March 21, 2017

Detect. Transmit.

2017 is the 40th anniversary of the launch of the twin Voyager spacecraft. I found this essay about Voyager on the Internet years ago - I don't remember where and I can't find any breadcrumbs. I'm sharing it, lightly edited, as one of the finest space program essays I've ever found.

Voyager sketch
Voyager sketch by @TychoGirl

To imagine what being the Voyager probe would be like, consider the following:

Your life begins, conceived during the mid-60s golden years of the space program.

The core concepts of your design are settled during the first years of that decade, and refined for fifteen years as different attempts are made to extend the reach of man's knowledge first to the skies, then to our nearest neighbors.
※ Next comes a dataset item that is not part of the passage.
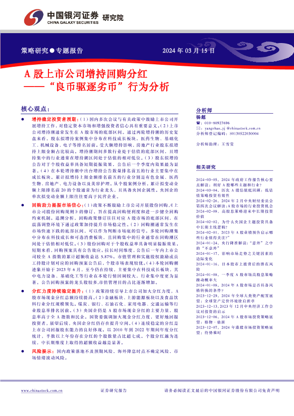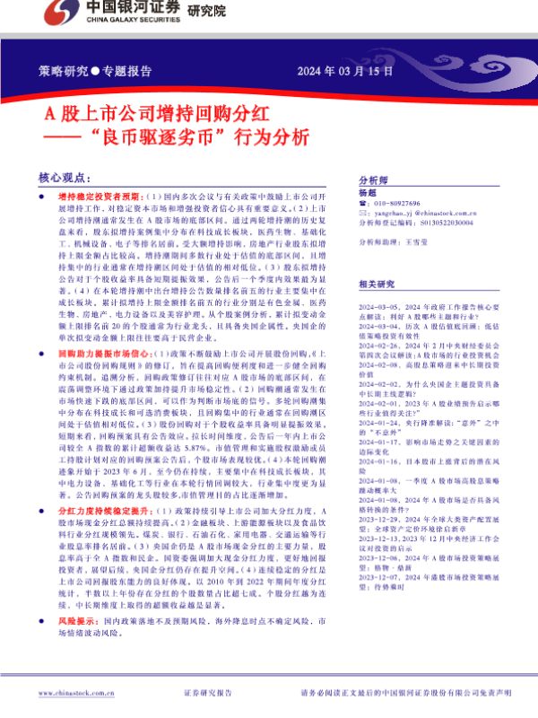 【银河证券】【20240315】“良币驱逐劣币”行为分析:A股上市公司增持回购分红-27页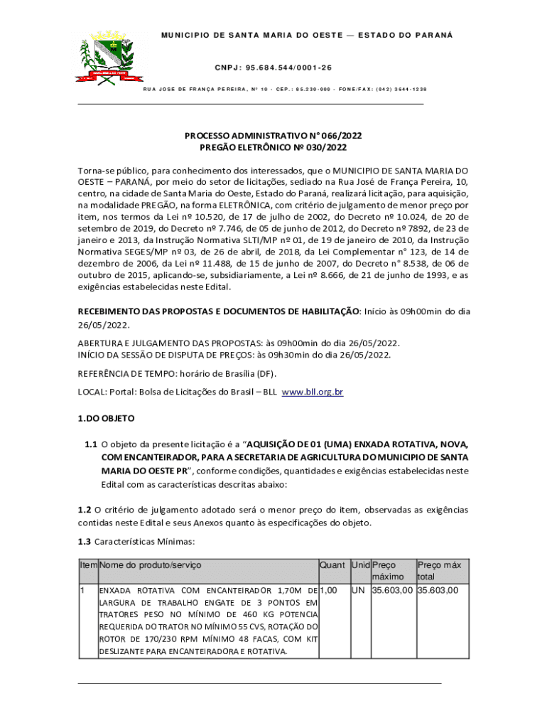 MUNICIPAL DE SANTA MARIA DO OE STE ESTATE DO PARANCNPJ: 95.684.544/000126 RUA JOSE DE FRANK PEREIRA, N 10 CEP.: 85.230000 ONE/FAX: (042) 36441238___PROCESS ADMINISTRATIVE N 066/2022 PRESO ELECTRIC

Your idea forms in an era of slide-rules and pencils, as astronomical calculations reveal a particularly fortuitous alignment of the outer planets in the coming decade, one that will slingshot you to the outer reaches of the solar system, hopping from planet to planet.

Slowly, your design is solidified, using the best space-worthy technology man has to offer, instrumentation, structure, power, from the peak of each discipline of a nation. The brightest engineers and scientists painstakingly weigh each possible ounce of material with which to construct you, judging the possible benefits that can be attained versus the energy you'll need to accomplish your journey.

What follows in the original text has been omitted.